Question

Find the equation of an ellipse whose axes lie along coordinate axes and which passes through (4,3) and (-1,4).

Answer 1

Let the equation of the required ellipse be
$\frac{x^2}{a^2}+\frac{y^2}{b^2}=1$, where a>b ...(i)
The required ellipse passes through (4,3) and (-1,4)
$\therefore \frac{(4{)}^2}{a^2}+\frac{(3{)}^2}{b^2}=1$
$\frac{16}{a^2}+\frac{9}{b^2}=1$
$\Rightarrow 16b^2+9a^2=a^2{b}^2$ ...(ii)

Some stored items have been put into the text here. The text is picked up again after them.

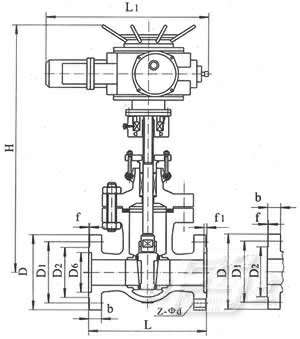 焊接闸阀 外形尺寸 国标电站(手动)
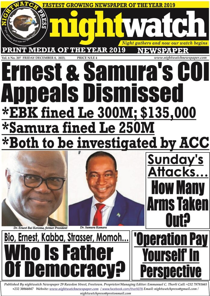 Ernest & Samura’s COI Appeals Dismissed *EBK fined Le 300M; $135,000 *Samura fined Le 250M *Both to be investigated by ACC
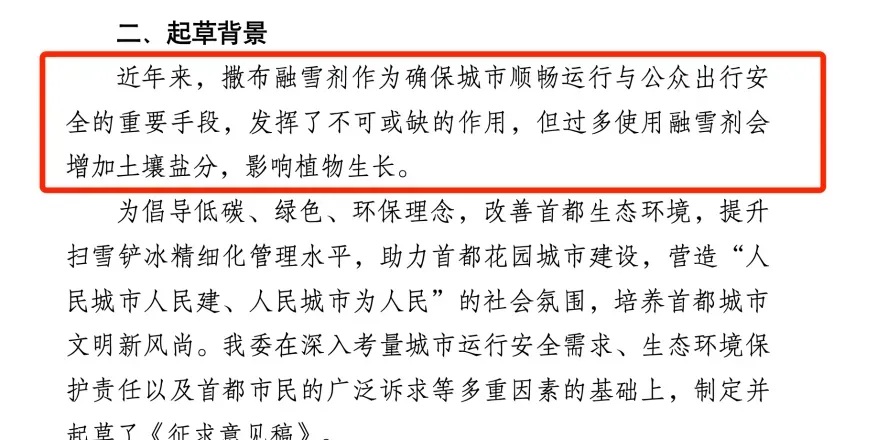 《北京市扫雪铲冰作业工作方案(试点)》起草背景就与融雪剂撒布有关,图片截取自参考资料3
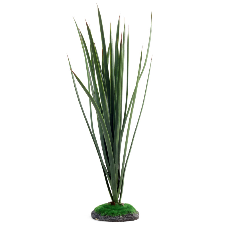 Растения - это не только завершающий штрих в оформлении, но и необходимый атрибут любого террариума. Они дают укрытие и тень, по ним животное может перемещаться, они придают трехмерность внутреннему пространству террариума. Пластиковое растение на подставке из полиэфирной смолы с напылением в виде искусственного мха подходит для оформления тропических террариумов. Неоспоримое преимущество искусственных растений в том, что им не нужен полив, в них не заводятся паразиты и грибки, их легко мыть и дезинфицировать, и прослужат они неизмеримо дольше, чем живые растения.
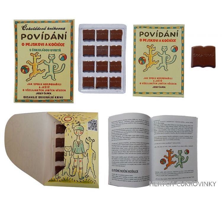 Dárková čokoládová kniha obsahujícíčokoládové knížečky z výborné belgické mléčné čokolády a navíc ještě knihu povídání o pejskovi a kočičce. Výborný dárek pro děti.
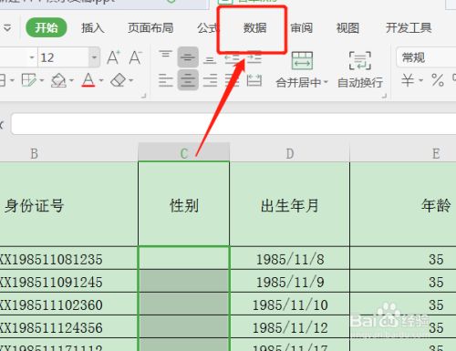 选中需要填充性此外列,点击上方的数据选项。
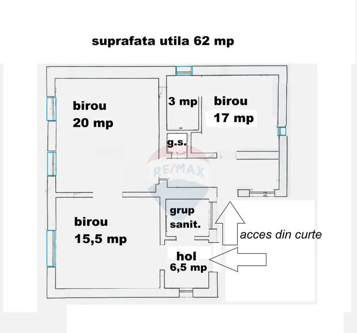 Spațiul are o suprafață utilă de 62 mp, compartimentată eficient si decomandat, oferind trei birouri, două grupuri sanitare și spații de depozitare, ideal pentru o organizare eficientă. Faptul că dispune de două uși de acces din exterior îți oferă flexibilitate operațională și posibilitatea de a separa fluxurile, iar curtea cu acces auto este un beneficiu major, rezolvând problema parcării.
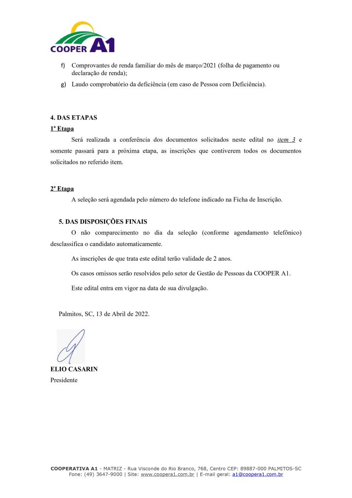 Razão Social: Cooperativa A1 | CNPJ/MF: 03.470.626/0001-50

and $\frac{(-1{)}^2}{a^2}+\frac{(4{)}^2}{b^2}=1$
$\Rightarrow \frac{1}{a^2}\times \frac{16}{b^2}=1$
$\Rightarrow b^2+16a^2=a^2{b}^2$ ...(iii)

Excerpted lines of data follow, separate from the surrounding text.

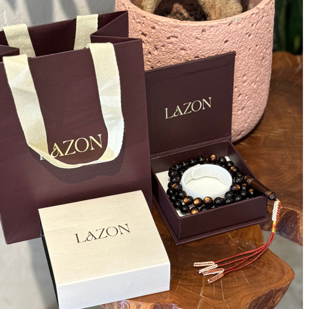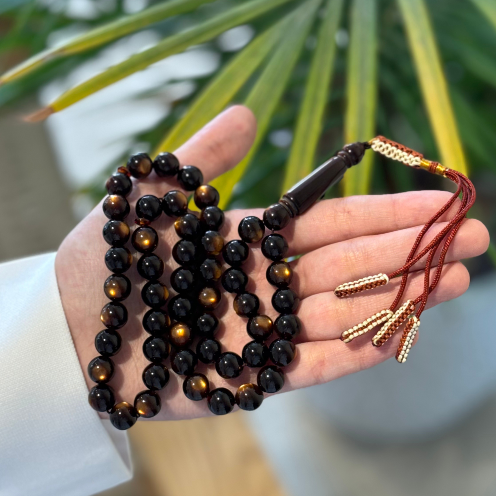 سبحة مميزة بلون أسود عميق تتخلله لمعات ذهبية براقة أشبه بعين النمر، تمنحها حضورًا قويًا ولمسة من الفخامة. خرزها المصقول يعكس الضوء بجاذبية خاصة، لتكون خيارًا مثاليًا لمن يبحث عن سبحة أنيقة تجمع بين الهيبة والذوق الرفيع.
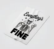 Quando tutto va male, ma si continua a sorridere (o almeno a dare l'illusione di sorridere). Questo scheletro che sorseggia il suo caffè in modalità zen, con il messaggio "Everything's Fine", è la perfetta incarnazione dell'umorismo nero e dell'ironia quotidiana. Perfetto per gli amanti del sarcasmo grafico, del caffè salvavita e dell'atteggiamento "tutto va bene", anche quando le cose sono caotiche. Un design divertente, cinico e ultra-elegante.
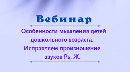 Особенности мышления детей дошкольного возраста. Исправляем произношение звуков Рь Ж.
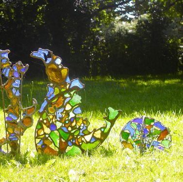 Las esculturas de jardín de Maru, con sus vitrales de colores son perfectas para una ventana soleada o con una luz de fondo como piezas centrales en su sala o expuestas en su jardín donde el sol de la mañana o de la tarde puede realmente mostrar su esplendor. Las obras coloridas de Maru no dejan de provocar sueños despiertos, sonrisas e interes
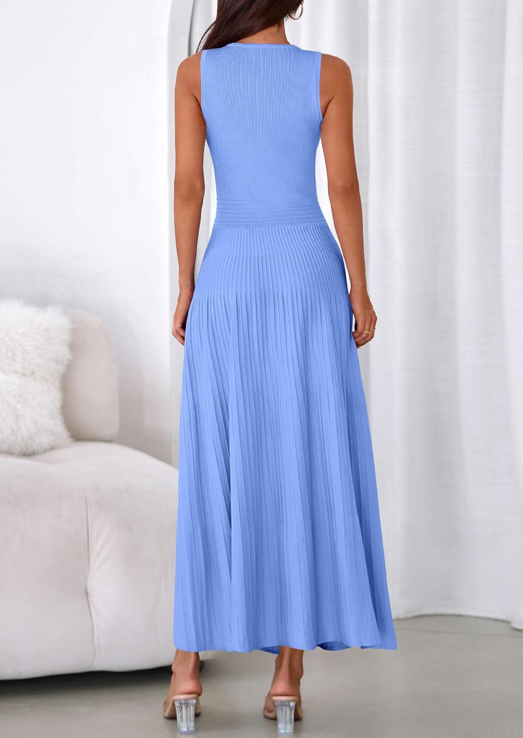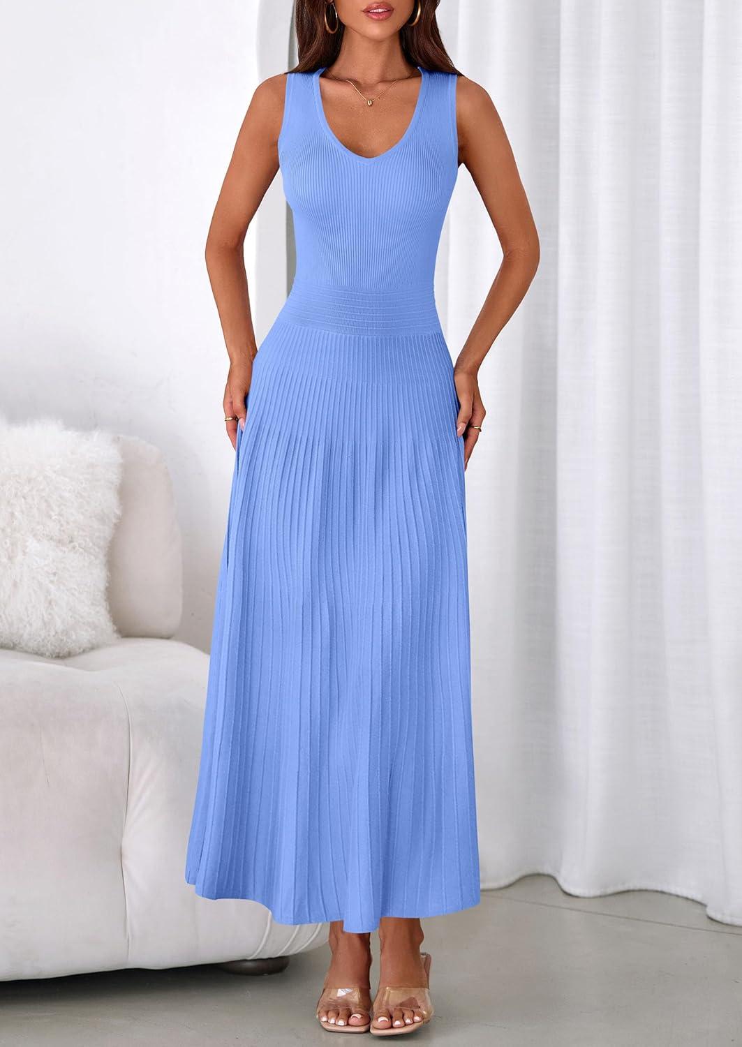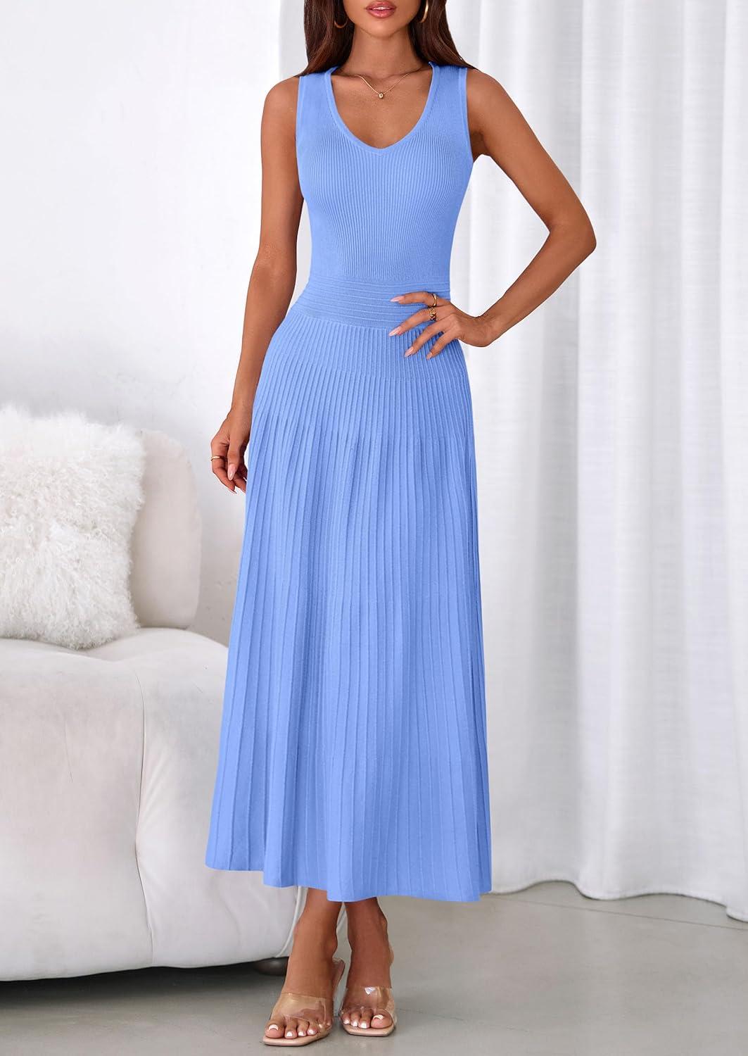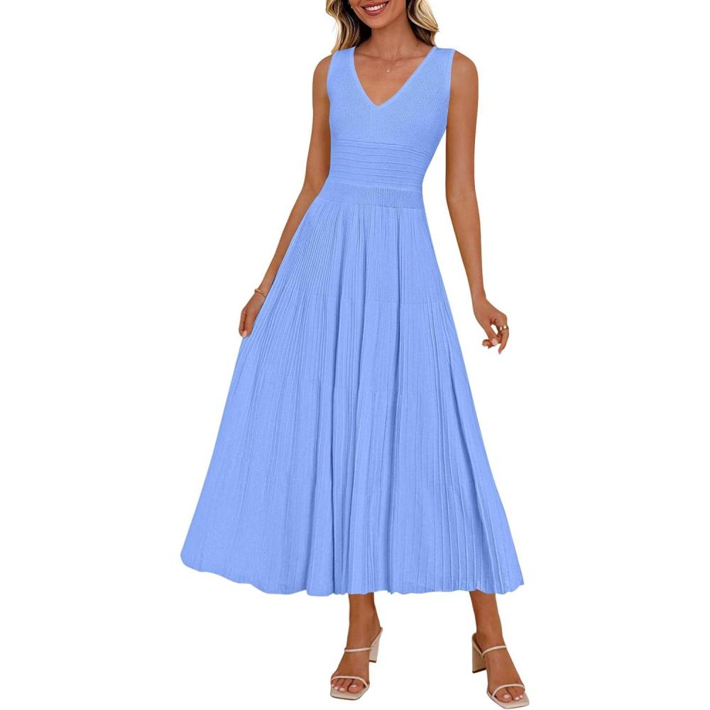 PRETTYGARDEN Women’s Summer Casual Dresses 2026 Spring Sleeveless V Neck Midi Business Work A Line Pleated Cocktail Dress(Light Blue)
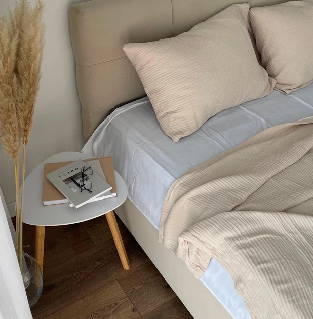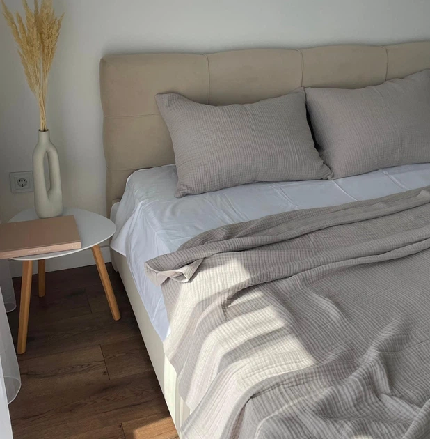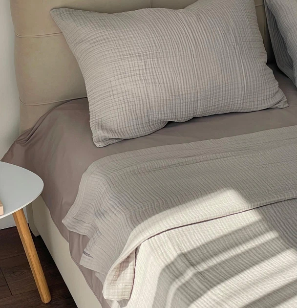 Літній комплект з преміальним мусліном LavSon 4-х шаровий Муслін Сімейний 2х - 150х240 Бежевий з простирадлом на гумці Ранфо

Multiplying equation (iii) by 16, we get
$16b^2+256a^2=16a^2{b}^2$ ...(iv)
Substracting equation (ii) from equation (iv), we get
$256a^2-9a^2=16a^2{b}^2-a^2{b}^2$
$\Rightarrow 247a^2=15a^2{b}^2$
$\Rightarrow \frac{247}{15}=b^2$
$\Rightarrow b^2=\frac{247}{15}$
Putting $b^2=\frac{247}{15}$ in equation (iii), we get
$\frac{247}{15}+16a^2=a^2\times \frac{247}{15}$
$\Rightarrow 16a^2-\frac{247a^2}{15}=\frac{-247}{15}$
$\Rightarrow \frac{240a^2-247a^2}{15}=\frac{-247}{15}$
$\Rightarrow -7a^2=-247$
$\Rightarrow a^2=\frac{247}{7}$
Putting $a^2=\frac{247}{7}$ and $b^2=\frac{247}{15}$ in equation (i), we get,
$\frac{x^2}{\frac{247}{7}}+\frac{y^2}{\frac{247}{15}}=1$
$\Rightarrow \frac{7x^2}{247}+\frac{15y^2}{247}=1$
This is the equation of the required ellipse.